6.                  $100,000 Limitation for Incentive Stock Options. Each Option must be designated in the Award Agreement as either an Incentive Stock Option or a Nonstatutory Stock Option. However, notwithstanding such designation, to the extent that the aggregate Fair Market Value of the Shares with respect to which Incentive Stock Options are exercisable for the first time by a Participant during any calendar year (under all plans of the Company and any Parent or Subsidiary) exceeds $100,000, such Options will be treated as Nonstatutory Stock Options. For purposes of this Section 6, Incentive Stock Options will be taken into account in the order in which they were granted. The Fair Market Value of the Shares will be determined as of the time the Options with respect to such Shares are granted.

 

7.                  Options.

 

(a)                Grant of Options. Subject to the terms and provisions of this Plan, the Administrator, at any time and from time to time, may grant Options to Service Providers in such amounts as the Administrator, in its sole discretion, may determine.

 

(b)               Option Agreement. Each grant of an Option must be evidenced by an Award Agreement that specifies the exercise price, the term of the Option, the number of Shares subject to the Option, the exercise restrictions (if any) applicable to the Option, and such other terms and conditions as the Administrator, in its sole discretion, may determine.

 

(c)                Term of Option. The term of each Option must be stated in the Award Agreement. In the case of an Incentive Stock Option, the term must be ten (10) years from the date of grant or such shorter term as may be provided in the Award Agreement. Moreover, in the case of an Incentive Stock Option granted to a Participant who, at the time the Incentive Stock Option is granted, owns stock representing more than ten percent (10%) of the total combined voting power of all classes of stock of the Company or any Parent or Subsidiary, the term of the Incentive Stock Option must be five (5) years from the date of grant or such shorter term as may be provided in the Award Agreement.

 

(d)               Option Exercise Price and Consideration.

 

(i)                        Exercise Price. The per Share exercise price for the Shares to be issued pursuant to the exercise of an Option is to be determined by the Administrator, subject to the following:

 

(1)               In the case of an Incentive Stock Option:

 

(a)                granted to an Employee who, at the time the Incentive Stock Option is granted, owns stock representing more than ten percent (10%) of the total combined voting power of all classes of stock of the Company or any Parent or Subsidiary, the per Share exercise price must be no less than one hundred ten percent (110%) of the Fair Market Value per Share on the date of grant.

 

(b)               granted to any Employee other than an Employee described in paragraph (A) immediately above, the per Share exercise price must be not less than one hundred percent (100%) of the Fair Market Value per Share on the date of grant.

 

 

 

(2)               In the case of a Nonstatutory Stock Option, the per Share exercise price will be determined by the Administrator, but must not be less than the Fair Market Value per Share on the date of grant unless the terms of such Nonstatutory Stock Option comply with Section 409A of the Code.

 

(3)               Notwithstanding the foregoing, Options may be granted with a per Share exercise price of less than one hundred percent (100%) of the Fair Market Value per Share on the date of grant pursuant to a transaction described in, and in a manner consistent with, Section 424(a) of the Code.

 

(ii)                        Waiting Period and Exercise Dates.
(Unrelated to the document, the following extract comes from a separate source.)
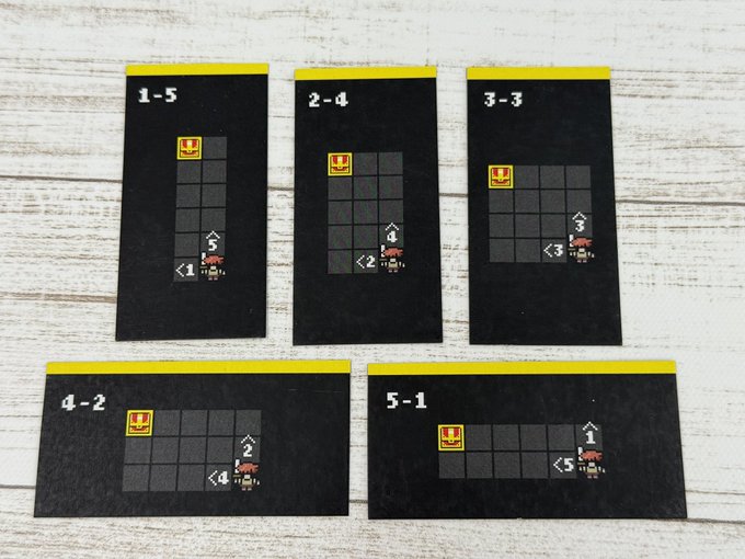 〇座標だけが指定された、見えない宝が配置されます(例「スタート地点から←に2歩、↑ に3歩の位置に行け」等)。これに対して、通常モードと同じように道をつなげて、その地点に向かう必要があります。勿論道は最後に置いた1枚しか見えません。しかし協力なので、誰かのミスは他の誰かがフォローすればなんとかなります!

At the time an Option is granted, the Administrator will fix the period within which the Option may be exercised and will determine any conditions that must be satisfied before the Option may be exercised. The Administrator may, in its sole discretion, accelerate the satisfaction of such conditions at any time.

 

(e)                Form of Consideration. The Administrator will determine the acceptable form of consideration for exercising an Option, including the method of payment. In the case of an Incentive Stock Option, the Administrator will determine the acceptable form of consideration at the time of grant. Such consideration, to the extent permitted by Applicable Laws, may consist entirely of:

 

(i)                          cash or cash equivalents;

 

(ii)                        check;

 

(iii)                       in the discretion of the Administrator, surrendering or attesting to the ownership of Shares that are already owned by the Participant that meet the conditions established by the Administrator to avoid adverse accounting consequences, valued at their Fair Market Value on the date the Option is exercised;

 

(iv)                       in the discretion of the Administrator, payment may be made in whole or in part by the delivery (on a form prescribed by the Company) of an irrevocable direction to a securities broker approved by the Company to sell Shares and to deliver all or part of the sales proceeds to the Company in payment of all or part of the exercise price and/or any withholding taxes;

 

(v)                       in the discretion of the Administrator, through a "net exercise" such that, without the payment of any funds, the Participant may exercise the Option and receive the net number of Shares equal to (A) the number of Shares as to which the Option is being exercised, multiplied by (B) a fraction, the numerator of which is the Fair Market Value per Share (on such date as is determined by the Administrator) less the exercise price per Share, and the denominator of which is such Fair Market Value per Share. The number of net Shares to be received shall be rounded down to the nearest whole number of Shares;

 

(vi)                       in the discretion of the Administrator, a reduction in the amount of any Company liability to the Participant;

 

(vii)                      in the discretion of the Administrator, any combination of the foregoing methods of payment; or

 

(viii)                    in the discretion of the Administrator, any other consideration and method of payment for the issuance of Shares permitted by Applicable Laws.

 

(f)                 Exercise of Option.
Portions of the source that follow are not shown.